Wednesday, 15 April 2009

Khmer Rouge tribunal may collapse

Bones from Cambodia's 'Killing Fields'

Radio Netherlands Worldwide
By Johan van Slooten

Before its first verdict has even been reached some observers fear the Khmer Rouge tribunal in Cambodia may collapse because of interference by the Cambodian government.
Dutch lawyer Victor Koppe is defending Nuon Chea, one of the highest ranking officials of Cambodia's former Khmer Rouge regime which ruled - and ravaged - the country and its people with a hard hand in the 1970s.

Mr Koppe has just returned from Cambodia after witnessing the first two weeks of the trial against former Khmer Rouge leader Kaing Guek Eav, better known as Duch.
Confessions and corruption
Although the confessions which Duch has made might be seen as a promising sign for the remainder of the trials, Mr Koppe is not so optimistic. He is worried that the tribunal may collapse, especially after last week's statement by Cambodian Prime Minister Hun Sen in which he said he hopes "the funds for the tribunal will dry up fast". Victor Koppe on the background to this remark:

"The official reason is that the prosecution of former Khmer Rouge figures may lead to increased unrest in some regions. Mr Hu Sen wants to prevent that. There are also accusations that the tribunal is corrupt, which in my opinion is true."

But there may be other reasons for Mr Hun Sen's objections to the tribunal, Mr Koppe suspects. Some former Khmer Rouge officers now occupy high positions in Cambodia's political establishment, including Mr Hun Sen's own party. The government has allegedly tried to influence the tribunal's judges and prosecutors about who should be prosecuted and who should go untried. "Perhaps he doesn't want to upset the applecart too much", Mr Koppe says, adding that even the judges are losing their faith in the tribunal.

Yet the long anticipated Khmer Rouge tribunal was supposed to provide a way for Cambodia to come to terms with its past. Justice and reconciliation are key factors here. Ending the trials prematurely would dent Cambodia's international reputation, Mr Koppe says:

"Bizarrely, it's Cambodia itself who asked the UN to set up the tribunal. It would be very upsetting if after one trial, the whole tribunal would be done with. It would also be very hard for the international community to swallow."

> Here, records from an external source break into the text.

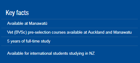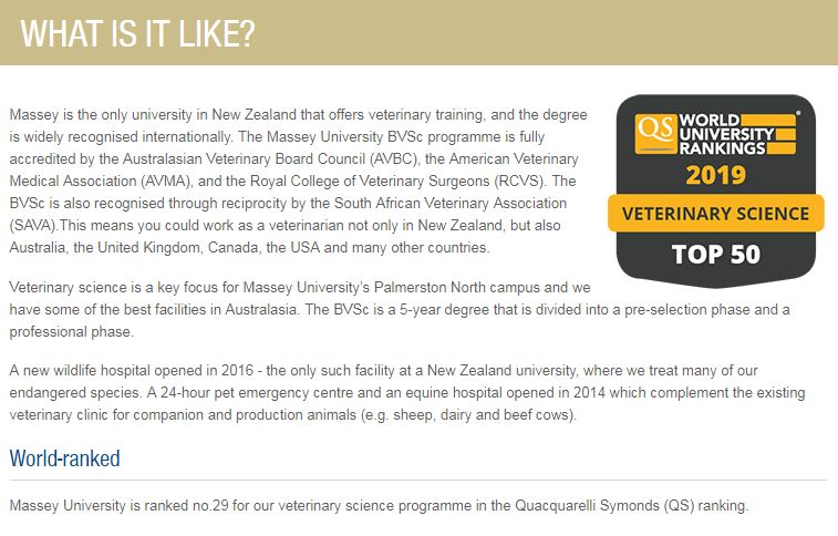 新西兰作为一个畜牧业发达的国家,国民对于动物相当爱护,非常重视它们的健康,对于兽医人才的需求也是日益增长。梅西大学也是目前新西兰唯一一个系统教授兽医科学的大学,QS排名第29位,是学校的强势专业,配有世界上最好的兽医科学基础设施。其兽医学学位已经被美国兽医学会承认,同时也在澳大利亚、加拿大和英国以及全世界绝大多数国家认可及承认。这项荣誉在新西兰国内也是唯一的。
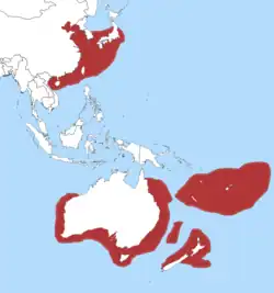 The Australasian snapper (Pagrus auratus) or silver seabream is a species of porgie found in coastal waters of Australia, Philippines, Indonesia, mainland China, Taiwan, Japan and New Zealand. Its distribution areas in the Northern and Southern Hemispheres are disjunct.[2] Although it is almost universally known in Australia and New Zealand as snapper, it does not belong to the Lutjanidae snapper family. It is highly prized as an edible fish, with a sweet sea taste and a firm texture.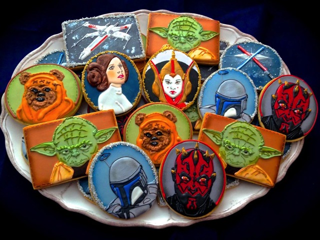 Now these cookies look professionally made. Yet, the consist of Yoda, an X-Wing, Padme Amidala, Darth Maul, Boba Fett, lightsaber duel at Cloud City, and Princess Leia.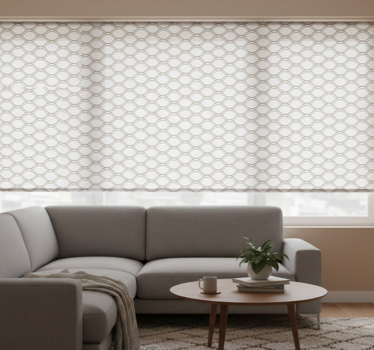 Cortina roller moderno patrón geométrico marrón ondulado

Some observers now say it would have been better for the tribunal to take place outside Cambodia. But Mr Koppe disagrees:

"I was there during the first hearing at the Duch trial and the public area was fully booked and overcrowded. You wouldn't have that if it was here in The Hague, for instance. So if the structure is solid and everyone is able and allowed to do their work properly, then Cambodia is the best place for this tribunal."

No advantage
If the tribunal were to collapse, those who are to stand trial before it - such as Victor Koppe's client Nuon Chea - would probably be worse off as a result. The Dutch lawyer explains what his client would likely face in that case:
"He would be tried by Cambodian judges rather than international ones, and we think the Cambodians are more biased ... It would lead to some kind of show trial".

Therefore, as Mr Koppe views the situation it's of key importance to both Cambodia and people such as his client that the tribunal continues its work. But it seems that this will require not only its surviving the opposition it is meeting within Cambodia but also, as the Dutch lawyer explains, its continued funding from international donors.